By Jack Kelly
If you have “Bubonic Plague” on your 2020 Bingo card—congratulations, you’ve won! Authorities in the Chinese region of Mongolia reported a case of the bubonic plague this past weekend. The plague is caused by bacteria transmitted through flea bites and infected animals. It’s one of the deadliest virus epidemics in human history. This is the brutal disease that caused the Black Death in the Middle Ages and killed about 50 million people in Europe.
Speaking of plagues, one of the dangers we are currently confronting in the wake of Covid-19 is the alarming consolidation of power centered on a few big companies and a small percentage of ridiculously wealthy multibillionaires. Income and wealth inequality is off the charts. Historically, when you have such a large discrepancy between the rich and poor, things don’t end up too well. It’s led to social unrest, guillotines, increases in mindless violence and the degradation of living conditions—sounds uncomfortably familiar, right?

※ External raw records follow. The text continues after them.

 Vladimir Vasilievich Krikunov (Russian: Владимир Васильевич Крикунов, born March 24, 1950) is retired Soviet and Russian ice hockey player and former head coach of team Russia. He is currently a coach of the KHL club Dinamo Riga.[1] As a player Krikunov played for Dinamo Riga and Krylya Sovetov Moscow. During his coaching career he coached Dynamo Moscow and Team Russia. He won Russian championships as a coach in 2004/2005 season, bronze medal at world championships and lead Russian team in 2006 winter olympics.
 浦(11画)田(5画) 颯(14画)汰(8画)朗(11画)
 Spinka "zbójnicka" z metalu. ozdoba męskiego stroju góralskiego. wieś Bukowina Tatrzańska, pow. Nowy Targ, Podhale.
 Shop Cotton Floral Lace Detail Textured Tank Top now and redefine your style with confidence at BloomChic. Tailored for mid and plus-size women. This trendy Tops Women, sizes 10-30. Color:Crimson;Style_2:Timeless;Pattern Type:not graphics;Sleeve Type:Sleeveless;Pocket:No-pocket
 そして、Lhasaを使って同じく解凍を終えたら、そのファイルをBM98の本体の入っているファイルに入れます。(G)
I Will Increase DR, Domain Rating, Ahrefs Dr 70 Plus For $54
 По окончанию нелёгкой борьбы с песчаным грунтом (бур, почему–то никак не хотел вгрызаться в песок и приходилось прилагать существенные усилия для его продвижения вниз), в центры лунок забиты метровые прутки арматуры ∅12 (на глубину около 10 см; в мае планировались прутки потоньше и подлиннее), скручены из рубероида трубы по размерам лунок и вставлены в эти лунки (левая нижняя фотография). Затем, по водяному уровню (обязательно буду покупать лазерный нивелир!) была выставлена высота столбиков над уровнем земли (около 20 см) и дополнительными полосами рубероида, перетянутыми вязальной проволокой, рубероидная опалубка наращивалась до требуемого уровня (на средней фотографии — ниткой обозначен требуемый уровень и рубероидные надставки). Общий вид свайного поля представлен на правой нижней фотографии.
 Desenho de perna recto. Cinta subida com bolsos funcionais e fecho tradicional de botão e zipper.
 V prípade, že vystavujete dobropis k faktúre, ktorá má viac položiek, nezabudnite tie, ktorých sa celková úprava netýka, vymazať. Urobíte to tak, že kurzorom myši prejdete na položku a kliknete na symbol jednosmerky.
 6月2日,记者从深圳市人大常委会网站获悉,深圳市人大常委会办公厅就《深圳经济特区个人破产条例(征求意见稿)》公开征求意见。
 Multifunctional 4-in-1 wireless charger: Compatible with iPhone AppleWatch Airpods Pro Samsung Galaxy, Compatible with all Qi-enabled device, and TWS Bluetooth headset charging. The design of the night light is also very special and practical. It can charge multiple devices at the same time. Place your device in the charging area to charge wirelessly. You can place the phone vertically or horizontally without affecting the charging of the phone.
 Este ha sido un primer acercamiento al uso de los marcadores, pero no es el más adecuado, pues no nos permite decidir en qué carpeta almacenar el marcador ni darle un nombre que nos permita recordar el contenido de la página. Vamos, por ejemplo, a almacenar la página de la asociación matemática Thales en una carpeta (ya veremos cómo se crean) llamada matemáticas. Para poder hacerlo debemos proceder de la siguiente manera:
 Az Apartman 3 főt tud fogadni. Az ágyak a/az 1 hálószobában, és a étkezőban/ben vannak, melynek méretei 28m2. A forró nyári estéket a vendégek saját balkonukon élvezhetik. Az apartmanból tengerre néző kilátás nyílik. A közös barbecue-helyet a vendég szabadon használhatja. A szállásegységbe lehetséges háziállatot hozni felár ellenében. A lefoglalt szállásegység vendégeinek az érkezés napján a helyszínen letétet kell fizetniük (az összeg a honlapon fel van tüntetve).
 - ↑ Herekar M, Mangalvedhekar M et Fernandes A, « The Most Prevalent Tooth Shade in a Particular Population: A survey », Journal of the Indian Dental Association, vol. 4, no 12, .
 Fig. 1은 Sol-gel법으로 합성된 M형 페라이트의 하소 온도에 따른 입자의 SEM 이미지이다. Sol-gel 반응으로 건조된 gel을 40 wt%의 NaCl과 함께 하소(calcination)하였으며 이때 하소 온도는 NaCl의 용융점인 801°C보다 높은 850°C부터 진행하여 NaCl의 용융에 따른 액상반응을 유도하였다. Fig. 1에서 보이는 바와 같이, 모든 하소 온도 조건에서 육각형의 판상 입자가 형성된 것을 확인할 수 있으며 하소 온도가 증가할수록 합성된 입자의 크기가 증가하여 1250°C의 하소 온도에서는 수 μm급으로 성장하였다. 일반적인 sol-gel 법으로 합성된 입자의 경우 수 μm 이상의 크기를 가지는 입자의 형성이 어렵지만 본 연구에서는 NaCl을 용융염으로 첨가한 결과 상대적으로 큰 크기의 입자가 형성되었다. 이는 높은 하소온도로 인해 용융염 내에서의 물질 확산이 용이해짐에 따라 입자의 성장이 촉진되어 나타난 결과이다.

The middle class and the poor have been hit the hardest. Meanwhile, the “Amazon recovery” has made feudal oligarchs, such as Jeff Bezos, even richer and their companies stronger. Amazon’s stock price has skyrocketed over 50% since the beginning of April. Amazon’s founder saw his wealth soar by an *additional* $30 billion dollars during the pandemic.
Small businesses that were deemed non-essential were forced to close down their operations. Many owners will never reopen again or recover their financial losses. More than 47 million Americans have filed for unemployment benefits since the Covid-19 outbreak started.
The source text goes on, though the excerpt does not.